Travel guides are a dime a dozen. Anyone can do the same in any major city. Now, if she had done the same in a previously undisclosed minor town, or even pointed to Joe’s Mombasa Bar round the corner, it would be easier to believe her. But no, she wants us to believe she travels across the globe, completely unprepared, only to arrive in a strange African city, knowing all about major attractions in advance. She never points out one single minor attraction, not even Joe’s Mombasa Bar…

This is a fabricated fantasy. To each, his own reasons.

“Addicted” to research?

These are the examples Browne claims prove her case, the ones strong enough to be publicised. If not even these can hold water, what about the rest of the “many thousands” of regressions? Are they as sloppily researched as the ones exposed here?

For someone who has an “addiction” to research, this is very strange indeed. Five of those recalled lives that can actually be verified, are shown to be fantasies or easily faked.

Never does Browne offer any footnotes or references to her claims. All her “evidence” is based on unverifiable anecdotes. She says: “The fact that past-life regressions heal is enough for me”. She stops investigating when it seemingly works, she never questions why, how, or if it works at all.

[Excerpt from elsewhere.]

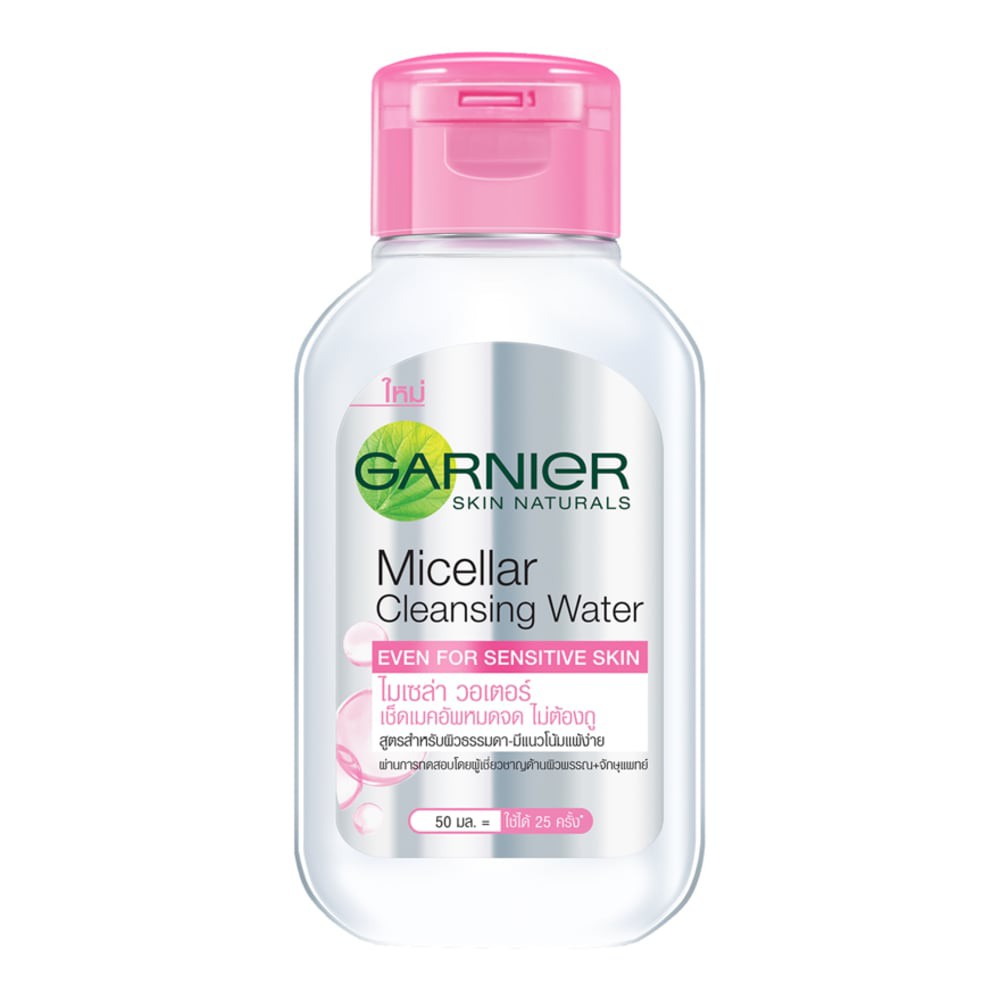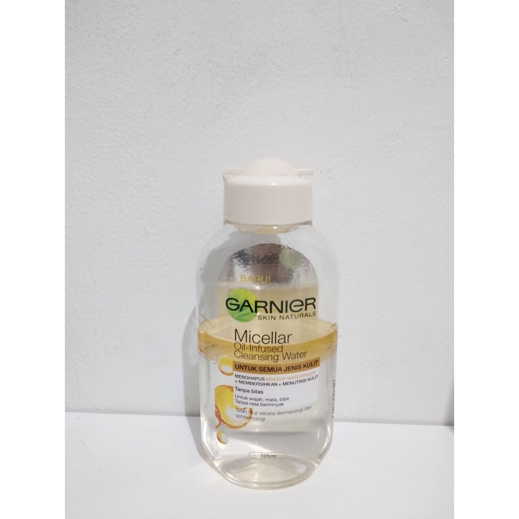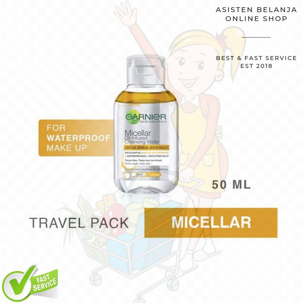 Garnier micellar oil infused cleansing water 50ml. Micelles are an active cleansing ingredient which act as a magnet to capture impurities make up and sebum on the skin without vigorous rubbing. This micellar oil infused cleansing water is an easy way to remove even waterproof make up and cleanse and nourish the feel of skin in one step without rinsing. Garnier micellar cleansing water uses micelles to leave the skin perfectly cleansed and refreshed without rigorous rubbing a rinsing. Garnier oil infused micellar cleansing water ampuh mengangkat make up water proof.

Read more about what it takes to verify these readings.

Postlude

Most past life regressions are vague and unverifiable. Those that are not, are shown to be fantasies, and often historically wrong.

Possible fraud is brushed off with arguments of the subject’s inability (or lack of reason) to lie or fantasize.

Chronological errors, like knowing a state’s name 13 years before it ever became one, or people knowing what year it is by referring to it as “B.C.”, are explained as the subject being omniscient – all-knowing. This omniscience isn’t omniscient enough to point out previously unknown historical facts.

Historical errors are simply not talked about.